В такт языкам пламени танцевала среди странных людских женщин Элори.
========== Путь надежды. Глава IV ==========
Порою не спится оттого, что пленит магия прохладной осенней ночи, когда плывут по небесному своду звёзды – небесные пилигримы, кутающиеся в рваные плащи-облака. Тогда растворяешься вовсе, забываешь о хорошем и о дурном, и дыхание сливается с ветром, а звуки голоса – с шелестом листвы и рокотом столь далёких теперь морских волн.
Ночи, когда не можешь уснуть лишь оттого, что боишься закрыть глаза, совсем иные.
Вместо высокого неба – тяжёлый скошенный потолок, подпёртый толстыми балками. Рухнет такая ненароком – и зашибёт насмерть. Вместо ложа из свежей, чуть влажной травы и мха – жёсткая лежанка, застеленная колючими, жёсткими шкурами. Здесь тоже горит огонь, и пахнет горьким дымом; за дверью, в большом зале, спят вповалку грозные стражи и так странно выглядящая здесь малышка Линетта. Душно. Тесно.
Шантия уставилась в потолок: считала пятна копоти, но всякий раз сбивалась, не закончив. Как можно спать, когда и дышишь-то с трудом, когда боишься: мгновение – и воздуха не станет вовсе. Ни одного окна, чтобы распахнуть и впустить в комнатёнку холодный, но такой живой ночной ветер. Слуги дракона стерегут темницу своей Белой Девы, словно думают: упорхнёт через окно, просочится в малую щель – и растворится в утреннем тумане…
Тревожно заметался огонь, ломая едва-едва принявшие чёткие очертания тени. Шантия села, но почти сорвавшийся вскрик оборвал тихий шёпот матери:
– Пожалуйста, молчи. Если они проснутся…
Не в одиночестве явилась Шэала в столь поздний час: явился и отец, за плечом которого стояла Элори. Стала ещё теснее маленькая комната, но отчего-то легче дышалось теперь, чем прежде.
– Слушай и не перебивай, - отец говорил быстро, но чётко, поминутно оглядываясь на спящих у двери стражей, - Элори согласна принять твою судьбу на себя. Как только мы уйдём, уходи отсюда. Дождь укажет тебе дорогу к морю; у причала тебя встретят и отвезут домой.
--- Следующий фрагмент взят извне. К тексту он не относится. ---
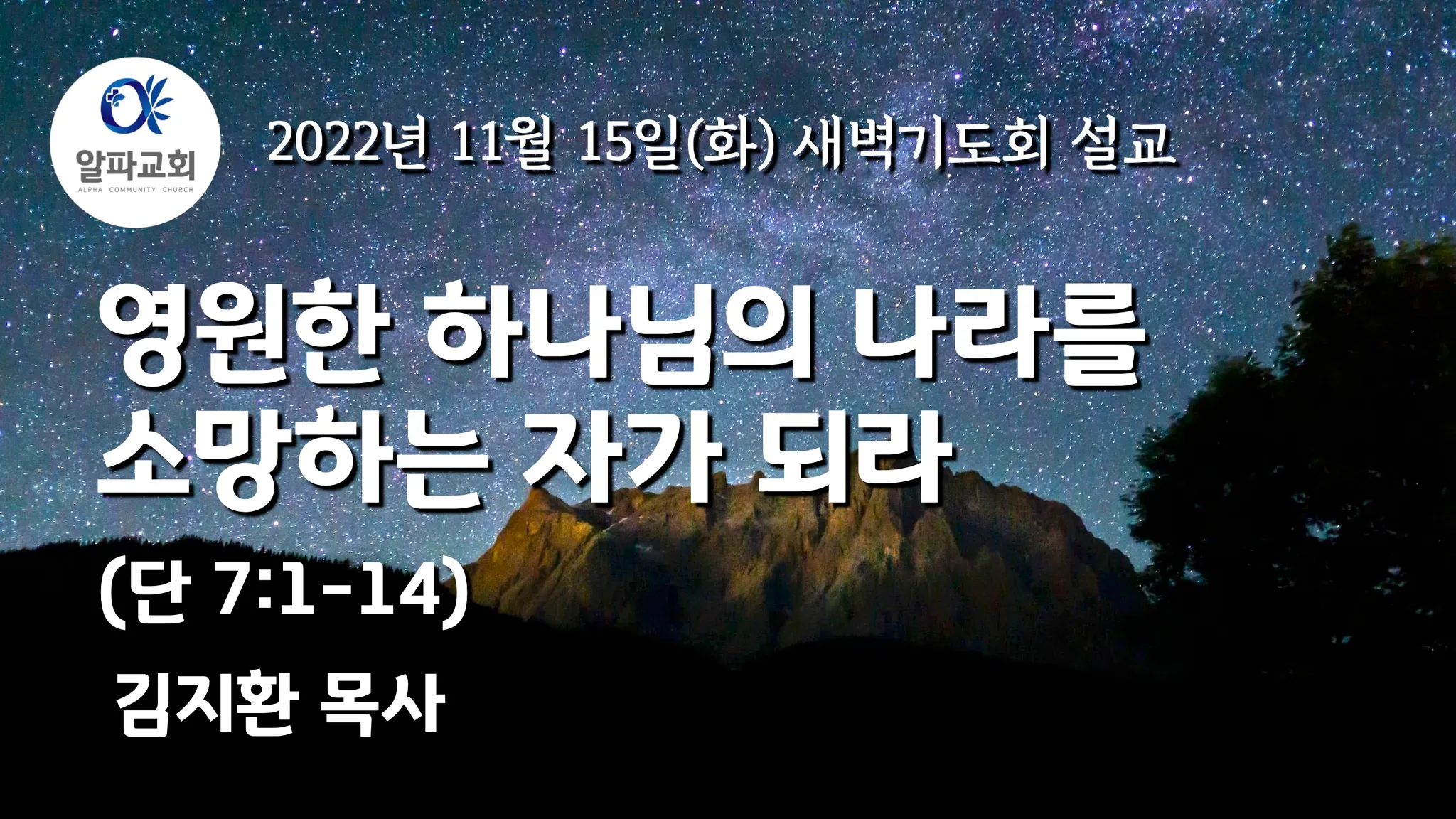 할렐루야 오늘 이 새벽에 알파교회 새벽기도회에 참여하시고 또한 온라인으로 말씀을 들으시는 여러분 모두에게 우리 주님의 평강이 가득 넘치시길 주님의 이름으로 축복합니다.

Домой… сердце забилось быстрее, стоило представить: впереди, за кормою корабля, покажется полоска знакомого берега, родной залив, похожий в синеватой дымке на полумесяц. Прервало прекрасное видение суровое лицо Незрячей, и Шантия склонила голову, извиняясь за минутное малодушие.
Нужно быть сильной. Ради семьи.
– Не бойся, сестрёнка, - по-своему истолковала её молчание Элори. – Людской вождь хотел в жёны дочь знатного рода, не именно тебя. Ты боишься людей. Я – нет.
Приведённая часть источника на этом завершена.